12 things to consider if you’re completely new to showing…

  • If you’ve decided your horse or pony is destined for a career under the bright lights of the show ring, but you’re completely new to the discipline — or competitions in general — you’ve got an exciting yet challenging road ahead.

    Here are 12 things you should do before you head to your first show this season:

    1. Decide what class you’re going in

    Not sure what weight your hunter is? Not sure if you’re horse is a novice or an open? Tackle this by studying rule books, reading society descriptions, getting out to shows on foot and speaking to professionals, who are usually more than happy to share their tips.

    2. Join the right societies

    There are several showing societies on offer. Ensure you pick the right one here.

    3. Get your horse show fit

    He’s not meant to look like he’s running in the Grand National, but he’s also not meant to look like he’s spent a bit too long enjoying that lush summer grass. Fit not fat is the key. Overly porky horses are usually penalised.

    4. Practice a go-round

    Cantering around with 30 other horses in a grass arena with potentially hundreds of spectators is a scary prospect for any novice rider, let alone a novice horse. If your horse is completely new to the ring, recruit some buddies to help you out at home. Practice riding past each other in all paces. If you’re required to gallop on the go-round, make sure your horse knows when to give it his all (and when to stop)!

    Explore ways to boost your confidence and become a more competitive rider with Horse & Hound’s new online rider confidence course

    5. Attend some showing clinics

    The show scene usually has loads of clinics held by well-respected riders and trainers up and down the country throughout winter and spring.
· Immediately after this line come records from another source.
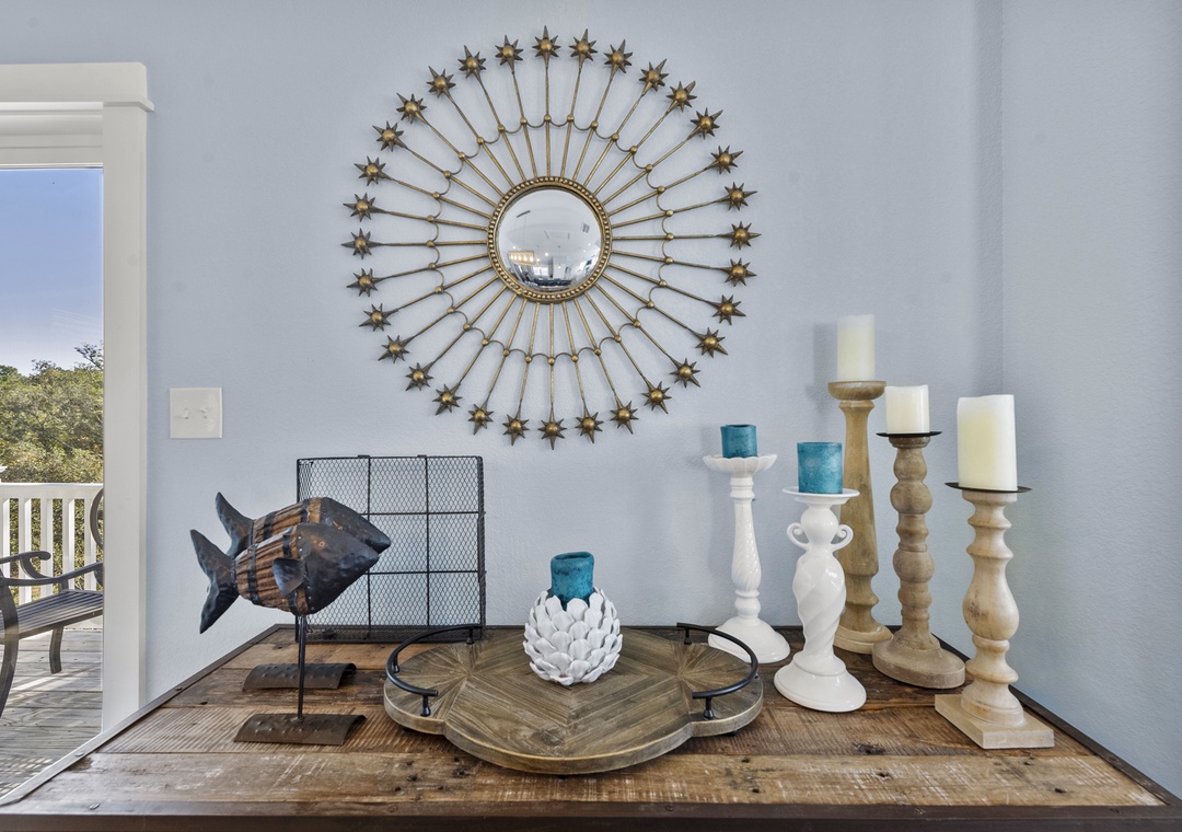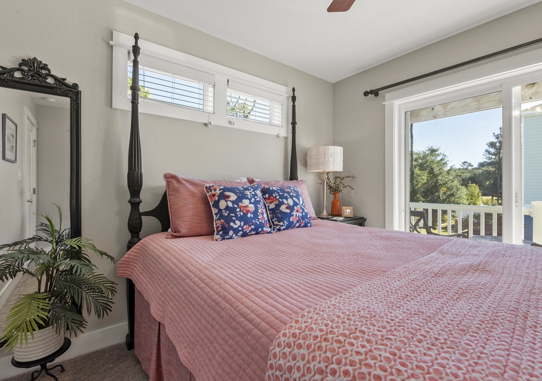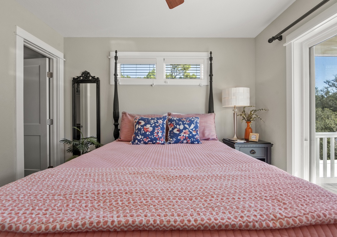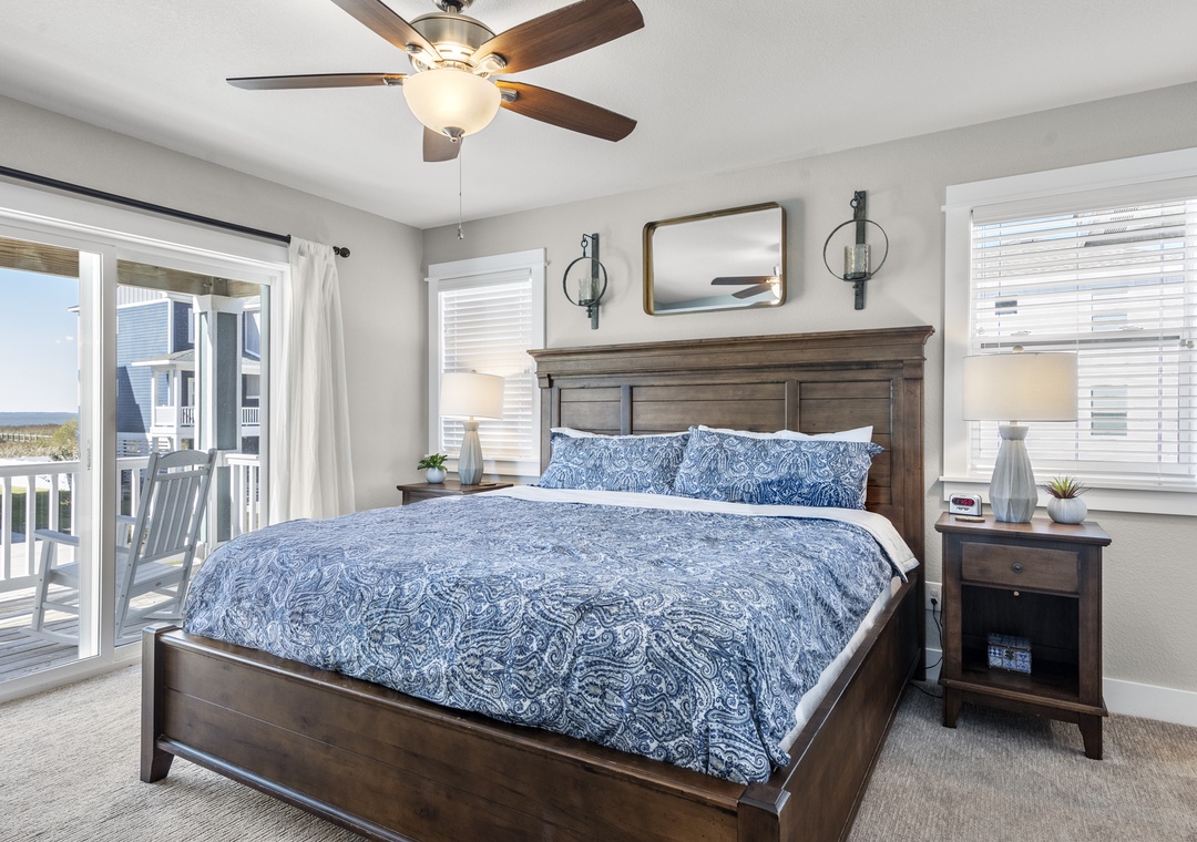 Back inside on the middle level, you’ll find a luxurious king bedroom with an ensuite bathroom featuring a tiled shower and soaking tub, plus direct access to a deck overlooking the sound. On this level you will also find a queen bedroom and a bedroom with a pyramid bunk and trundle.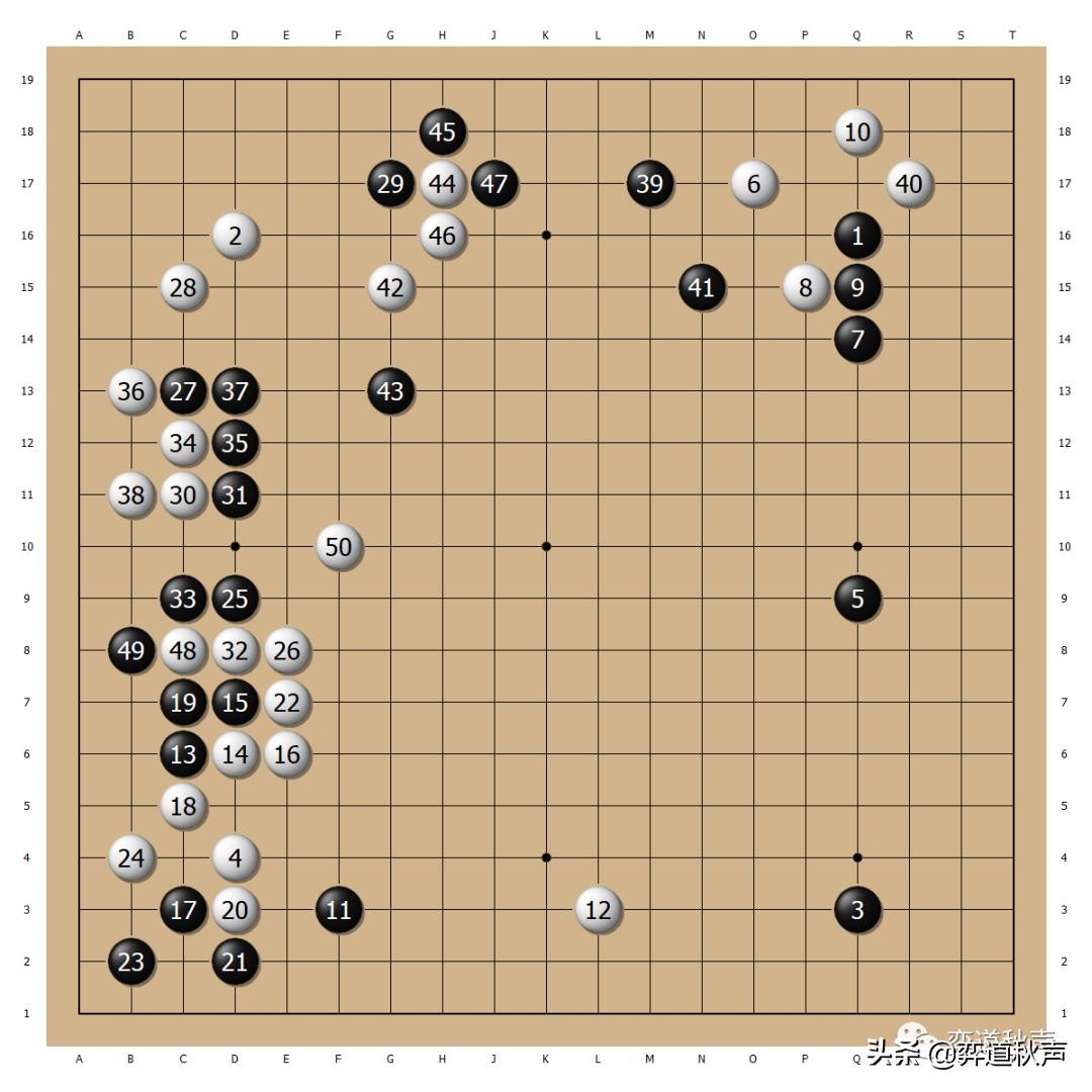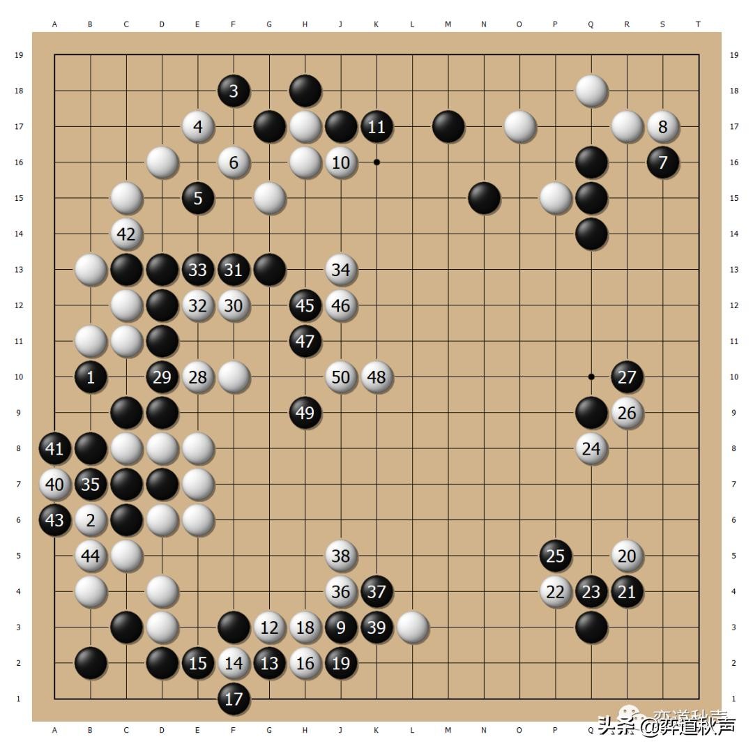 左下角定式后,黑27拆得过大,白30打入严厉。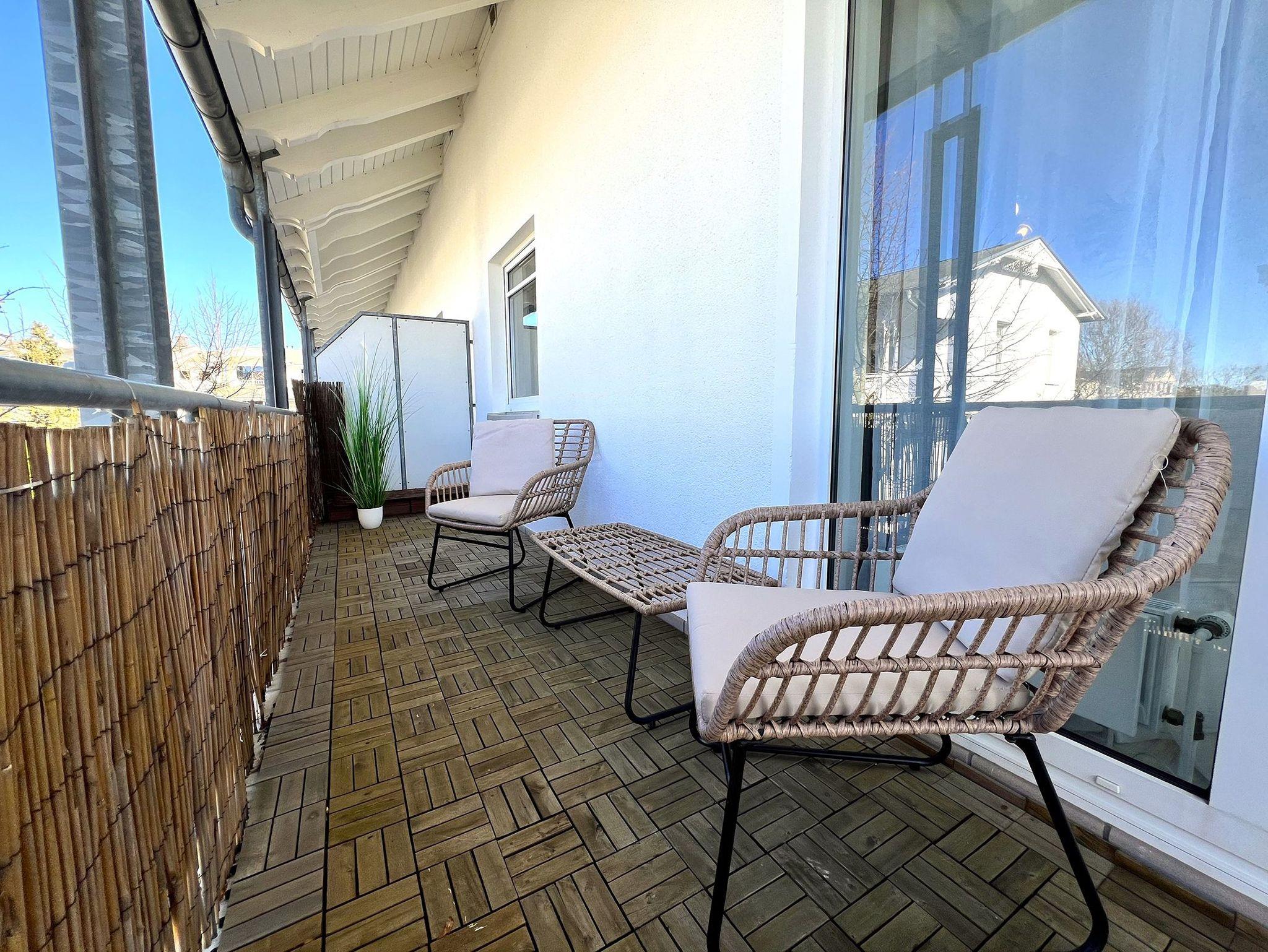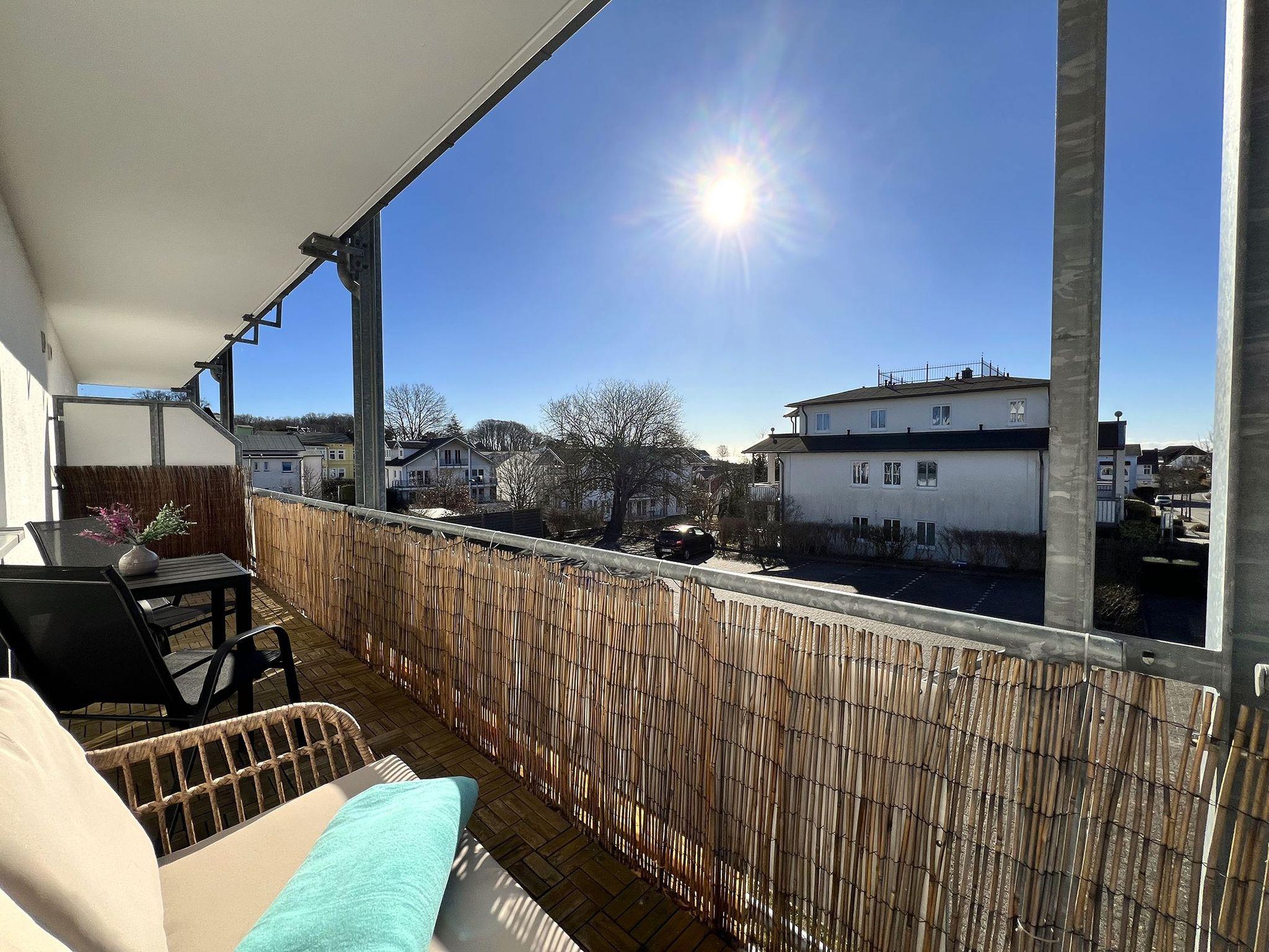Ein besonderes Highlight ist der Eckbalkon, der sich über zwei Seiten der Wohnung erstreckt. Hier genießt man morgens die ersten Sonnenstrahlen auf der südöstlichen Seite, während die südwestliche Seite am Nachmittag zum Sonnenbaden oder einem entspannten Kaffee einlädt. Ein gemütlicher Esstisch bietet den perfekten Platz für Mahlzeiten an der frischen Luft.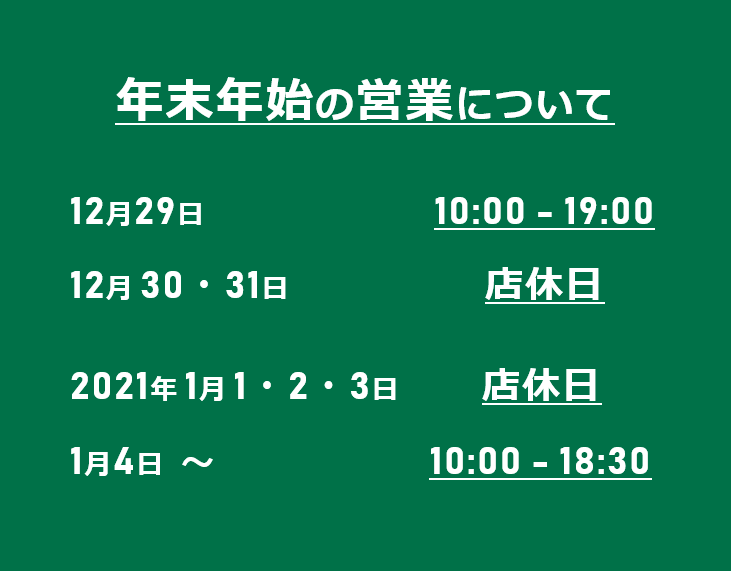 年末年始の営業は以下の通りとなっております。
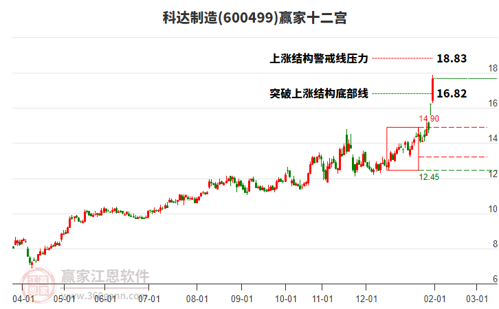 科達制造根據贏家江恩極反通道趨勢工具展示,上方壓力位14.9747,下方支撐位12.6465??七_制造處于贏家江恩多頭次主線形態(tài),12月8日發(fā)出江恩筑底信號后,經過7日,今日形成短期筑頂信號,短期多頭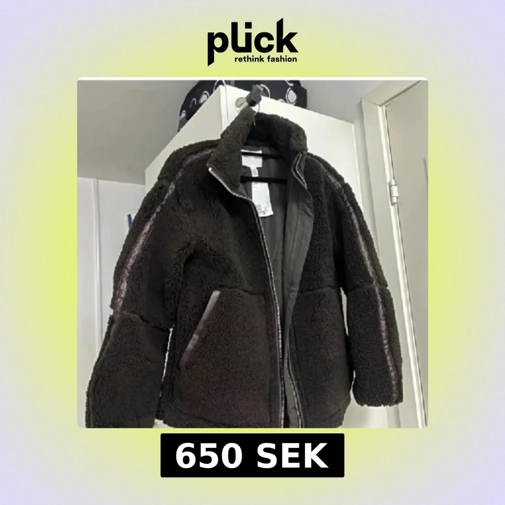 Mysig mörkbrun teddyjacka från H&M med hög krage och hel dragkedja framtill. Jackan har detaljer i skinnimitation längs ärmar och vid fickor, samt en schysst loose passform. Perfekt för kalla dagar när du vill vara både varm och snygg. Köpt här på plock, prislapp kvar. Passar mig som vanligtvis har 32/xs

Heading out to a clinic held specifically by a showing expert can give you some extra insight into the performance requirements you will need on show day. It pays to get ahead.

    6. Service your lorry

    You’ll be clocking up some serious miles on your trips to shows, especially if you live in the north.

    7. Invest in a statement jacket

    Of course, the judge will (or should) be looking at your horse when you’re performing in the ring, but ensuring the rider looks the part can make a huge difference to the overall picture. Make sure you stand out for the crowd by picking a unique yet traditional tweed or competition jacket you maybe haven’t seen before. Also, make sure you’ve got the correct jodhpurs and boots.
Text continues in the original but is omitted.